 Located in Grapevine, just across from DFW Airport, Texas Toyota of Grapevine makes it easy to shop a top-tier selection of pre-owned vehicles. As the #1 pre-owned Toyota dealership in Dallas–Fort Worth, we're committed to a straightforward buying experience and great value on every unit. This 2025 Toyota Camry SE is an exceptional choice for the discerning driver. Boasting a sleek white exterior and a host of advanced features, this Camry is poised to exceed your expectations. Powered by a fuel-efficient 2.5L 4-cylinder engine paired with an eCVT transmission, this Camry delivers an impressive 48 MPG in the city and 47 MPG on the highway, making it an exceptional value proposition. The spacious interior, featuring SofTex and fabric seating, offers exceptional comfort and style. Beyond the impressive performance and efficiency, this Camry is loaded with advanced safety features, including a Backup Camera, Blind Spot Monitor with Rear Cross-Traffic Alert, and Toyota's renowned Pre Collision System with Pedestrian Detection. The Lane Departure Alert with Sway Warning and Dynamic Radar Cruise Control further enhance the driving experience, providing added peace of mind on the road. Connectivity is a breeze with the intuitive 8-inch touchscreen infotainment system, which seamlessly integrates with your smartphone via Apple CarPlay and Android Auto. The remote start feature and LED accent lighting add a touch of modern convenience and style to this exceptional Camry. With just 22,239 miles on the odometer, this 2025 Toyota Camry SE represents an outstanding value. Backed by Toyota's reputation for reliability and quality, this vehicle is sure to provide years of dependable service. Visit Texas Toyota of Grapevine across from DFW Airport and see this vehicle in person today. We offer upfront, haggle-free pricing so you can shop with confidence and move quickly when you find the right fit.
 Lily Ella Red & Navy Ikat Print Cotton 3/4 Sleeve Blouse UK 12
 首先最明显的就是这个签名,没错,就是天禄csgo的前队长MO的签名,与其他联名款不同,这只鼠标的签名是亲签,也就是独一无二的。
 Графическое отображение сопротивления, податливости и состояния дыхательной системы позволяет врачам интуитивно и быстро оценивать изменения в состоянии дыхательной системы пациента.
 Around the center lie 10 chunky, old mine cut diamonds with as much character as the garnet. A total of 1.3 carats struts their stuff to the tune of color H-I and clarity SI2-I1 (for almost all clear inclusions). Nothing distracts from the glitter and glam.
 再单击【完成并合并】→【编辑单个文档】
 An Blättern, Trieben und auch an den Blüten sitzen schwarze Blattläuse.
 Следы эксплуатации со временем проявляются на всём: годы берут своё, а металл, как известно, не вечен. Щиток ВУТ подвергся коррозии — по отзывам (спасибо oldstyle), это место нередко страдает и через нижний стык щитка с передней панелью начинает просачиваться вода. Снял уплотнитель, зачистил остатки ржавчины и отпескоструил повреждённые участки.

* * *

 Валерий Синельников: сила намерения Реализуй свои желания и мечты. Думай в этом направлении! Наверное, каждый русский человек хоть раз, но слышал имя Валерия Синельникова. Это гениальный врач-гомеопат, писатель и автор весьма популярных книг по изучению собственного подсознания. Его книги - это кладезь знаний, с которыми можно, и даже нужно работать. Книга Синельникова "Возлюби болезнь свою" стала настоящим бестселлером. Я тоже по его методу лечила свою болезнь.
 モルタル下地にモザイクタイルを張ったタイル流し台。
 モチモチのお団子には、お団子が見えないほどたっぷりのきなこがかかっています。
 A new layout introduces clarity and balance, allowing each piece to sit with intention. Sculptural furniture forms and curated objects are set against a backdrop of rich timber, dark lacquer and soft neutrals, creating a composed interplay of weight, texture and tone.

▶ _Work required_
In the listing above, transcribe exactly everything from the line containing "モチモチのお団子には、お団子が見えないほどたっぷりのきなこがかかっています。" down to the line containing "A new layout", including both and nothing more.

▶ _Result below_
 モチモチのお団子には、お団子が見えないほどたっぷりのきなこがかかっています。
 A new layout introduces clarity and balance, allowing each piece to sit with intention. Sculptural furniture forms and curated objects are set against a backdrop of rich timber, dark lacquer and soft neutrals, creating a composed interplay of weight, texture and tone.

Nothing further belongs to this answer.